A federal agency created to restore confidence in the election process in the wake of Bush v. Gore sits all but leaderless as the country approaches Election Day.
As local election officials scramble to sort out last-minute issues — Palm Beach County, Fla., for example, recently hired dozens of workers to hand copy about 27,000 misprinted absentee ballots — the U.S. Election Assistance Commission operates, on its 10th anniversary, as a shell of what Congress designed it to be.
Its four commissioner spots are vacant. The executive director resigned last year. Its general counsel left in May. It has lacked a quorum to conduct official business for almost two years. Congressional gamesmanship has hamstrung the commission by neither giving it necessary resources nor eliminating it outright.
“It’s a national embarrassment that this agency, whose only mission is to provide information, doesn’t have a single commissioner,” said Rick Hasen, an election law expert at the University of California, Irvine.
Congress created the commission as part of a larger effort to support state- level election procedures in the aftermath of the contested 2000 presidential election and the subsequent Supreme Court decision in Bush v. Gore. President George W. Bush signed the Help America Vote Act into law in October 2002, just days after it passed the House and Senate with broad bipartisan support.

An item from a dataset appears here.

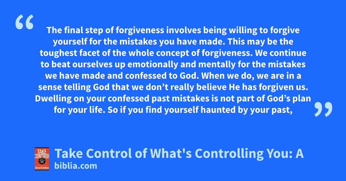 The final step of forgiveness involves being willing to forgive yourself for the mistakes you have made. This may be the toughest facet of the whole concept of forgiveness. We continue to beat ourselves up emotionally and mentally for the mistakes we have made and confessed to God. When we do, we are in a sense telling God that we don’t really believe He has forgiven us. Dwelling on your confessed past mistakes is not part of God’s plan for your life. So if you find yourself haunted by your past,
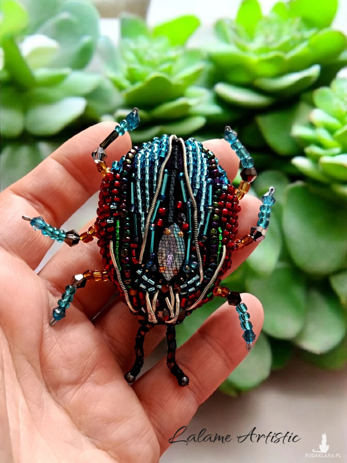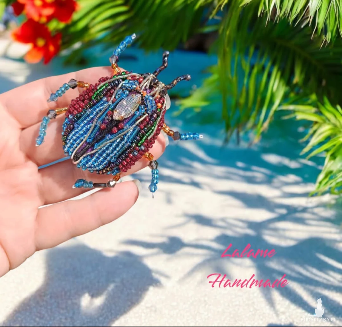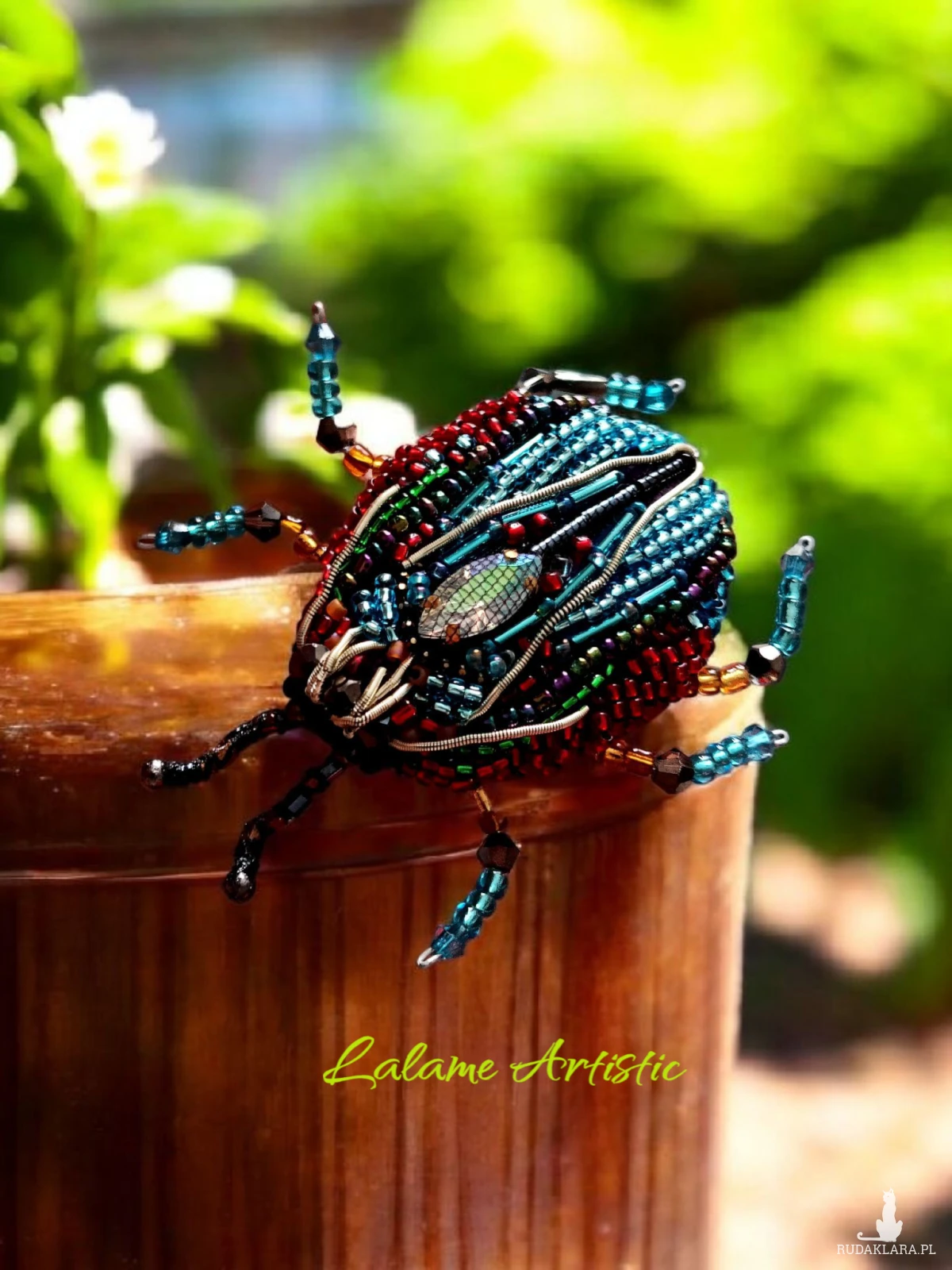 Ten wyjątkowy, ręcznie wykonany żuk to prawdziwy klejnot w świecie biżuterii. Inspirowany egzotycznymi owadami

The EAC has two Democratic commissioners and two Republican commissioners who are recommended by Congressional leaders, nominated by the White House and confirmed by the Senate. It was given more than $3 billion to dole out to states for improved election administration. Other responsibilities include acting as a repository of effective election processes, developing voluntary voting-system guidelines, setting up procedures to certify the laboratories that test voting equipment and ensuring that states are upgrading their technology.
The original commissioners say they took the agency’s bipartisan mission seriously. Former Republican Commissioner Paul DeGregorio recalls meeting with Democratic Commissioner Gracia Hillman at a Washington, D.C., Starbucks before they were confirmed. The pair said they didn’t want the agency to resemble the Federal Election Commission, which has become emblematic of Washington gridlock.
“The four of us had that in the back of our minds, the partisan bickering and the 3-to-3 votes on the FEC,” DeGregorio said in a recent interview.
“We knew that we were there representing our party affiliation, but we wanted to work in a bipartisan way,” Hillman said.
The commissioners’ desire to achieve consensus was not as popular outside the agency, even with some designees on its advisory boards. During DeGregorio’s final year on the commission, those familiar with the agency’s work said he was getting “unnecessary grief” for not being “Republican enough.”
A movement started to ensure that DeGregorio would not be re-nominated and instead be replaced by a more partisan commissioner. The “ringleader,” according to multiple sources, was Hans von Spakovsky, a legal fellow at the conservative Heritage Foundation who was then a Justice Department attorney who sat on one of the commission’s boards. Von Spakovsky called the charges “silly back street stories that have been repeated for years.”
“Nobody at the White House would even have thought to call me to ask who should be a commissioner on the EAC,” von Spakovsky said in an interview.